Physical Fitness: Exercise Basics

Physical activity doesn’t have to be strenuous to produce results. Even moderate exercise five to six times a week can lead to lasting health benefits.

When incorporating more physical activity into your life, remember three simple guidelines:

  1. Exercise at moderate intensity for at least 2 hours and 30 minutes spread over the course of each week.
  2. Avoid periods of inactivity; some exercise at any level of intensity is better than none.
  3. At least twice a week, supplement aerobic exercise (cardio) with weight-bearing activities that strengthen all major muscle groups.

Man and woman doing stretching exercises

Physical Fitness: Making Exercise a Habit

The number one reason most people say they don’t exercise is lack of time. If you find it difficult to fit extended periods of exercise into your schedule, keep in mind that short bouts of physical activity in 10-minute segments will nonetheless help you achieve health benefits. Advises Permuth-Levine, “Even in the absence of weight loss, relatively brief periods of exercise every day reduce the risk of cardiovascular disease.”

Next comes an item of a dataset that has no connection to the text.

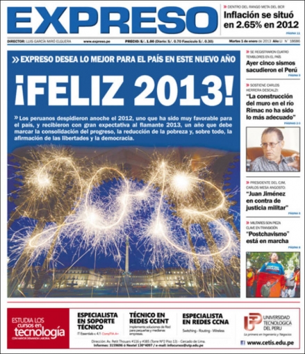 Cerramos el primer recorrido del 2013 con Expreso, que justamente le echa un vistazo a las diversas maneras en que los países recibieron el Nuevo Año, como Australia, Japón y Hong Kong por decir solo algunos; al igual que Perú 21.
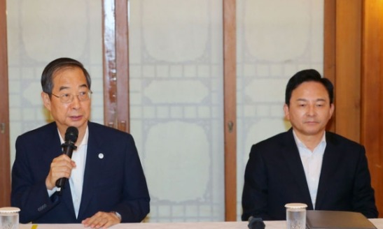 ▲ 한덕수 국무총리가 2일 오후 서울 종로구 총리공관에서 열린 LH 아파트 부실 시공에 대한 고위 당정협의회에서 발언하고 있다. 오른쪽은 굳은 표정의 원희룡 국토교통부 장관.[뉴시스]

Set realistic goals and take small steps to fit more movement into your daily life, such as taking the stairs instead of the elevator and walking to the grocery store instead of driving. “The key is to start gradually and be prepared,” says Permuth-Levine. “Have your shoes, pedometer, and music ready so you don’t have any excuses.”

To help you stick with your new exercise habit, vary your routine, like swimming one day and walking the next. Get out and start a baseball or soccer game with your kids. Even if the weather doesn’t cooperate, have a plan B — use an exercise bike in your home, scope out exercise equipment at a nearby community center, or consider joining a health club. The trick is to get to the point where you look at exercise like brushing your teeth and getting enough sleep — as essential to your well-being.

Remember that physical fitness is attainable. Even with small changes, you can reap big rewards that will pay off for years to come.